Amrita Rao (born 7 June) is an Indian actress who is known primarily for her work in Hindi films. Rao made her acting debut in Ab Ke Baras (2002), which earned her a nomination for Filmfare Award for Best Female Debut in 2003. She subsequently appeared in several successful films including the romantic dramas Ishq Vishk (2003), Main Hoon Na (2004), Vivah (2006) and comedy thriller Masti (2004) eventually being "Bollywood's quintessential girl-next-door". She is the recipient of IIFA Award and two Stardust Awards.
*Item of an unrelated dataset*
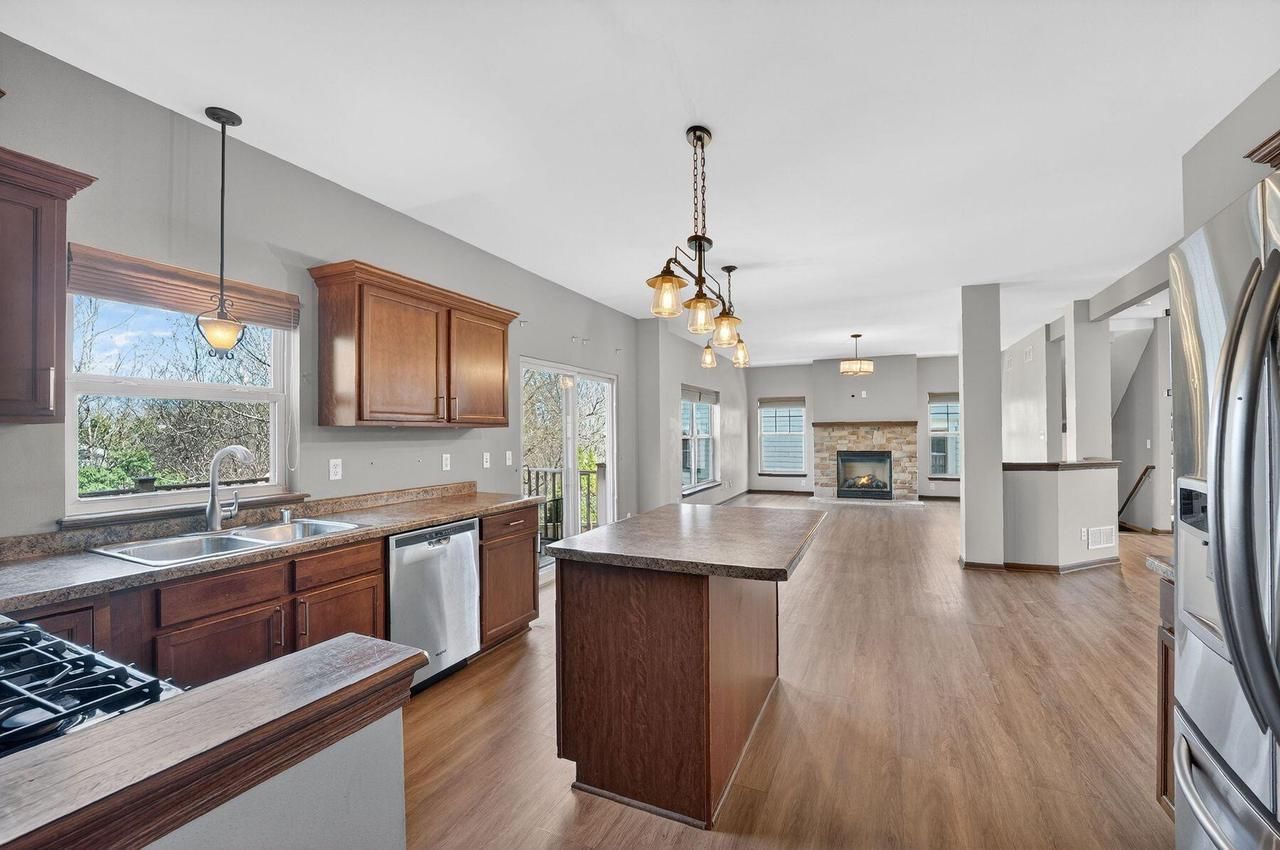 This beautifully maintained 3BR/2.5BA home shines with exceptional curb appeal and thoughtful updates. The main level features stylish LVP flooring, a formal dining room, and a sun-filled living room anchored by a gas fireplace. The large kitchen with a center island flows seamlessly to a low-maintenance composite deck overlooking the fenced-in yard and lower patio. Convenience is key with a main-floor mudroom and half-bath off the 2.5-car garage. Retreat upstairs to a versatile loft and spacious bedrooms, including a primary suite with a walk-in closet, large ensuite, and private office/sitting area. The walk-out LL is a blank canvas, already stubbed for a bath & plumbed for a second kitchen or wet bar. Located in the desirable Cherokee Point neighborhood, welcome home! Virtually staged.

She made her debut in the Telugu film industry with the film Athidhi (2007). In 2008, she appeared in the successful film Welcome to Sajjanpur, which won her Stardust Award for Best Actress. Post this, most of her films turned out to be commercial failures. She then appeared in the National Award winning film Jolly LLB (2013). Following this, she appeared in films including Singh Saab the Great (2013), Satyagraha (2013) and Thackeray (2019).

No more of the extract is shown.